Using the data below, return word for word every line from the one holding "Funny attitude T-shirts, tote" down to the one holding "2. 測(cè)量范圍:0~". Leave pictures out.

*** Material provided ***

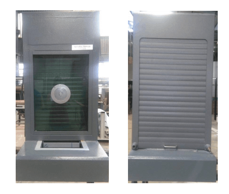 Units consist of a counter section which incorporates a sliding drawer to facilitate safe transfer of cash and documents. The frame around the window is so designed that it allows normal conversation. Bullet existing glass protects the cashier against attacks by small arm fires. The frame is made of aluminium and the base is finished in storm grey, oak or mild steel with primer finish.
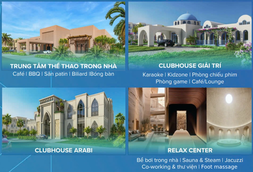 • Clubhouse Arabi: Một không gian độc đáo với phong cách thiết kế Arabi, mang lại trải nghiệm văn hóa mới lạ cho cư dân và du khách.
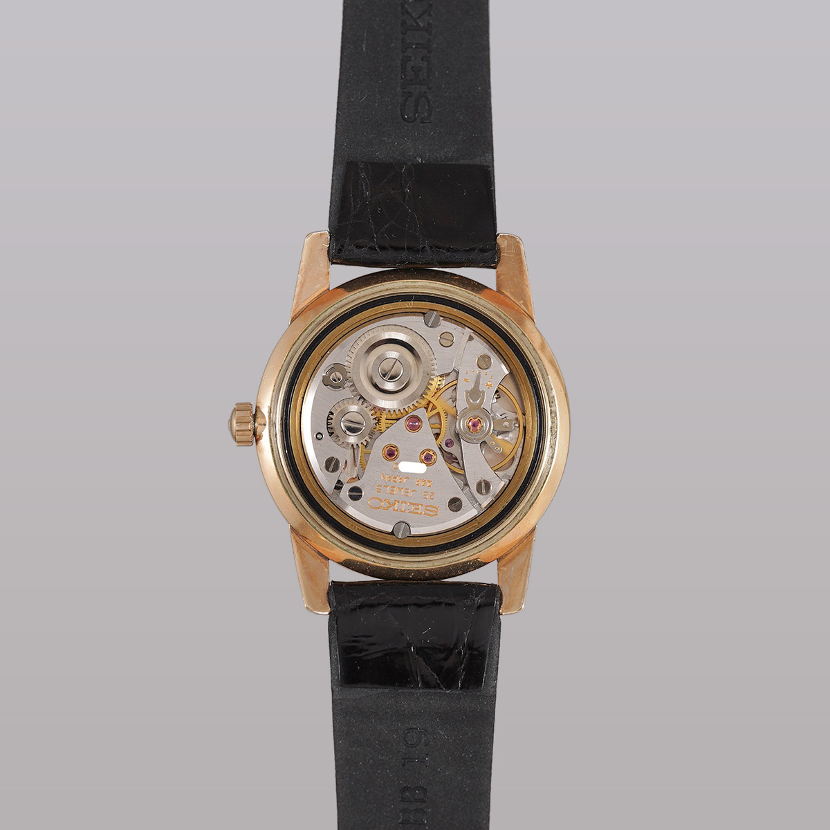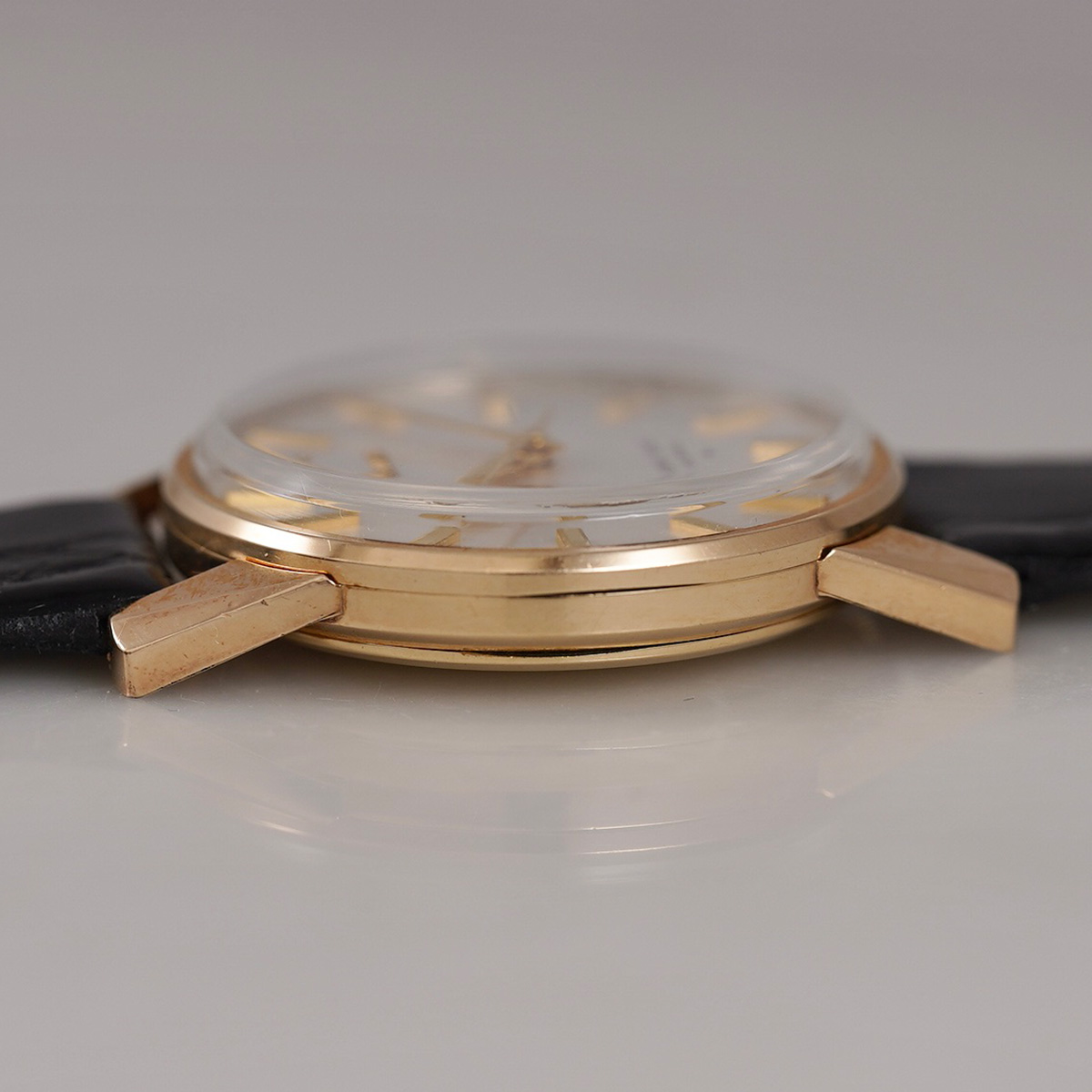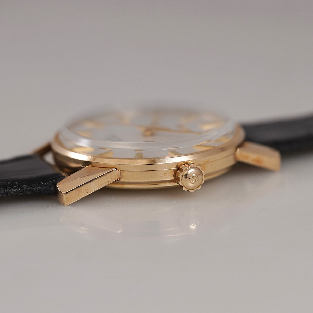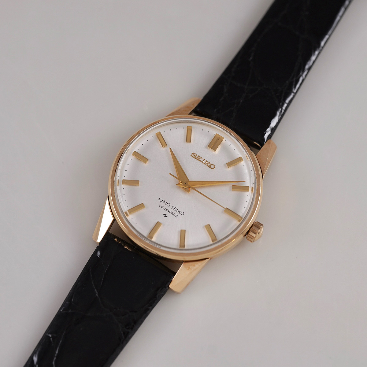 1966年製.キングセイコーの2nd(セカンド)モデル後期型、金張りケースのAGF.44-2000 。1st(ファースト)モデルからの変更点としては、文字盤の表記とハック機能が追加されました。 裏蓋は圧入式のスナップバック式になり、盾メダリオンは健在。 また、ケースのラグを太く設計したことで耐久性も向上しています。ムーブメントはCal.44A。44-2000の前期ではカマ型のバーが見られますが、こちらはカマ無しの後期モデル。 ケースはAGF仕上げ(金張り)で、シルバー色のダイアルとの組み合わせで高級感を感じることができます。 サンレイ仕上げの文字盤はもちろん、それぞれの針、インデックスもコンディション良好。 小傷はありますが、致命的な箇所は無く、ケースもコンディション◎ 後年のSEIKO社製.革ベルト+尾錠付きをセレクト。分解掃除を済ませ日差20秒程で稼働しております。 ※弊社の販売品は、自然故障につき12ヶ月の保証をつけて販売しておりますので、ご安心してご利用いただけます。 | |
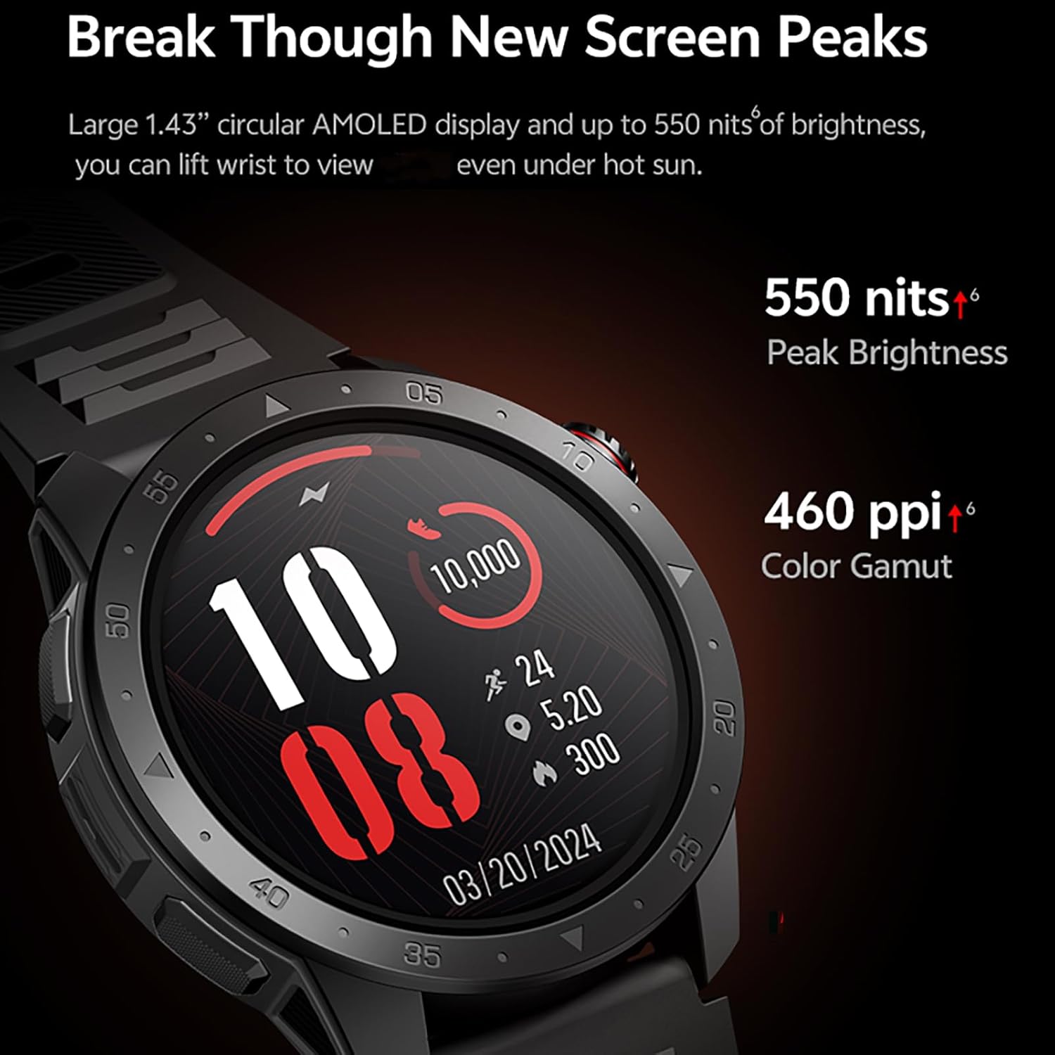 A nice mix of Sport and Business, Digital Watch with 1.43 inch AMOLED high brightness Full Touch Screen, easy control with the sensitive touch screen , nice for everyday use
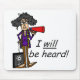 Funny attitude T-shirts, tote bags, cards, mugs, stickers, keychains, keepsakes, mousepads, and more with Stella proclaiming she will be heard!
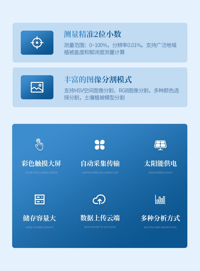 2. 測(cè)量范圍:0~100%,分辨率0.01%;支持HSV空間圖像分割、RGB圖像分割,多種顏色選擇分割,土壤植被模型分割。
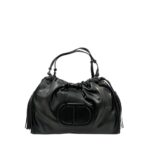 Ajatu siluett ja viimistletud detailid luksusliku hoiakuga. Twinset must käekott magnetkinnitusega ning ees logoga.
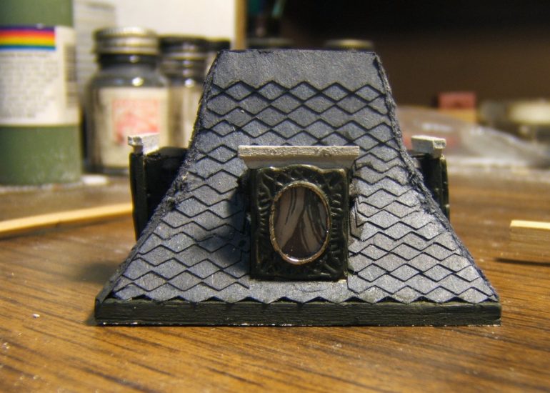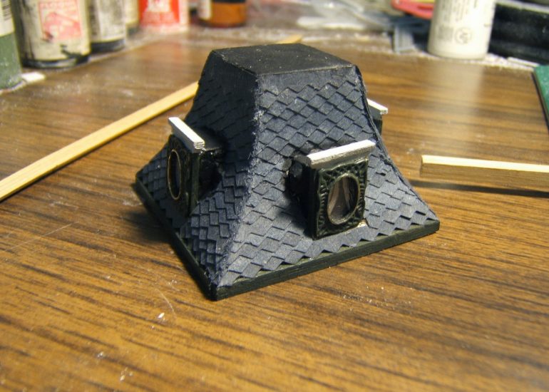 Here is the roof after the windows have been glued on. You can see that I carved a flat place on the bottom as well. On the left is the main roof, which I already started carving the curve into.

*** End of Material provided ***

- [Reply]:
 Funny attitude T-shirts, tote bags, cards, mugs, stickers, keychains, keepsakes, mousepads, and more with Stella proclaiming she will be heard!
 2. 測(cè)量范圍:0~100%,分辨率0.01%;支持HSV空間圖像分割、RGB圖像分割,多種顏色選擇分割,土壤植被模型分割。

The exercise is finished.